VBO : « Le licenciement des gens n’est que la troisième étape. Dans un premier temps, les entreprises ne vont pas prolonger l’intérim et faire appel au chômage temporaire : on assiste déjà à ces mouvements, on pense et on sent que la récession va être durable. Mais il n’y aura pas de vague massive de licenciements, bien que vous puissiez déjà voir le chômage augmenter légèrement.

NSZ : « Malheureusement, les pertes d’emplois seront une conséquence logique de l’effet domino des faillites qui menace de se poursuivre cette année : 26 % des commerçants envisagent d’arrêter temporairement, 28 % indiquent même qu’ils vont définitivement jeter l’éponge. De plus, 44 % des commerçants ont épuisé leurs réserves financières.

5. Quelles mesures attendez-vous du gouvernement fédéral pour remédier au handicap concurrentiel?

NSZ : « Les charges sociales et fiscales doivent être réduites. C’est important pour maintenir notre position concurrentielle et donner de l’oxygène aux indépendants qui ont le souffle coupé depuis des années.

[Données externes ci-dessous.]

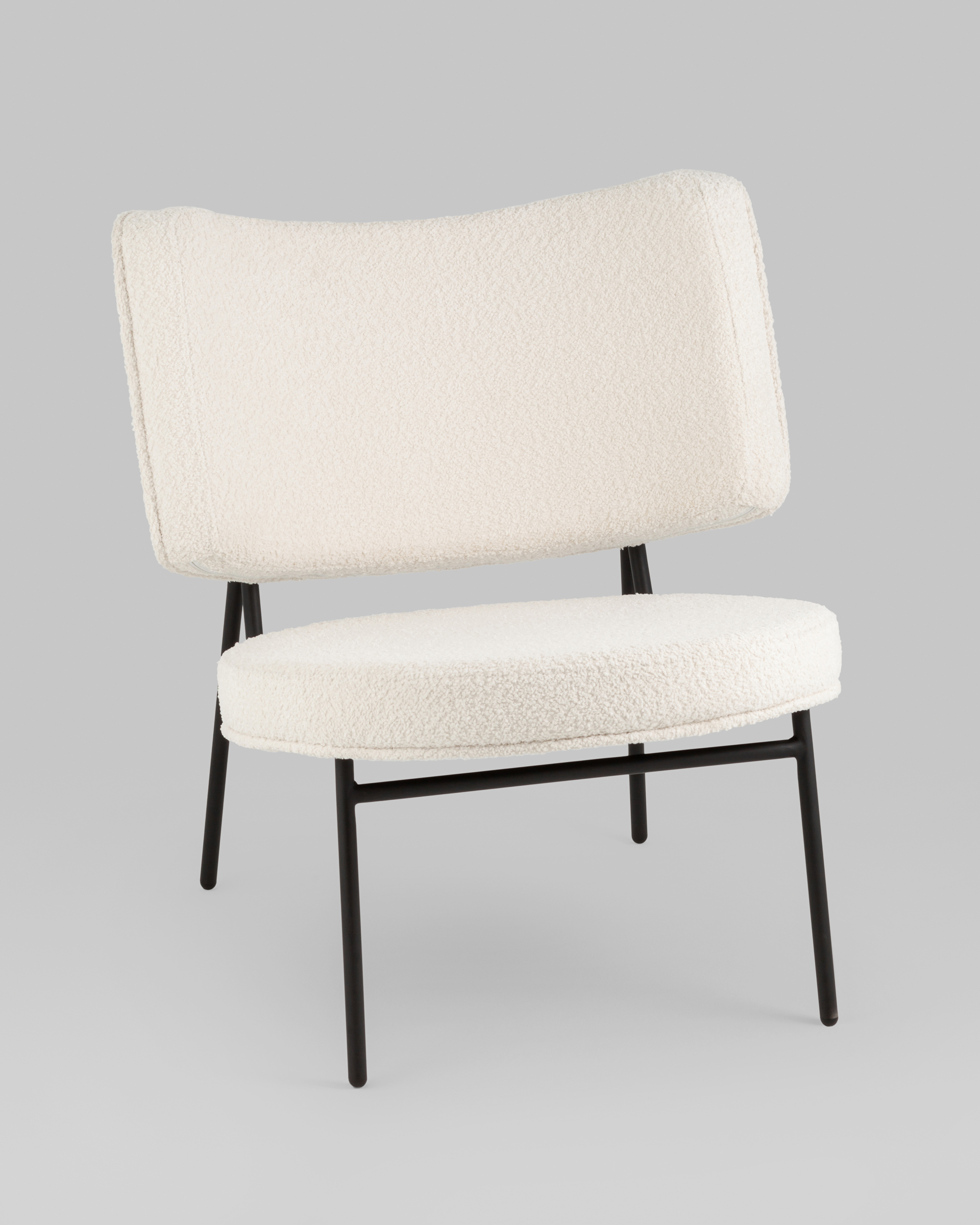 Кресло District Lounge букле белый цельносварной каркас, надежная конструкция

Unizo : « En 2023, l’index automatique doit être gelé. Nous voulons toujours mettre en œuvre cette surtaxe de 11 % à partir de 2022 et une augmentation de salaire peut également être envisagée en 2024. De plus, l’indice automatique doit être converti en un « indice de durabilité » en supprimant tous les combustibles et énergies fossiles. De cette façon, vous évitez les fluctuations soudaines et les augmentations rapides.

VBO : « Un coup d’arrêt fiscal et social : arrêtez de prendre toutes sortes de mesures qui répercutent la facture sur les entreprises, comme les primes de télétravail, les indemnités vélo ou les congés supplémentaires. L’intention n’est pas non plus que les entreprises paient pour la réforme fiscale. Prolonger l’allégement fiscal fédéral temporaire actuel pour les entreprises de six mois à un an. Et trois : ajuster le mécanisme d’indexation automatique, par exemple en y puisant de l’énergie ou en le plafonnant automatiquement en cas d’inflation sans précédent.

voix: « Un saut d’indice ne doit pas non plus être tabou, comme nous l’avons fait par le passé. La réforme fiscale du ministre des Finances Vincent Van Peteghem (CD&V) viserait le traitement fiscal favorable de la Recherche & Développement, mais nous appelons à ce que cela ne se produise pas.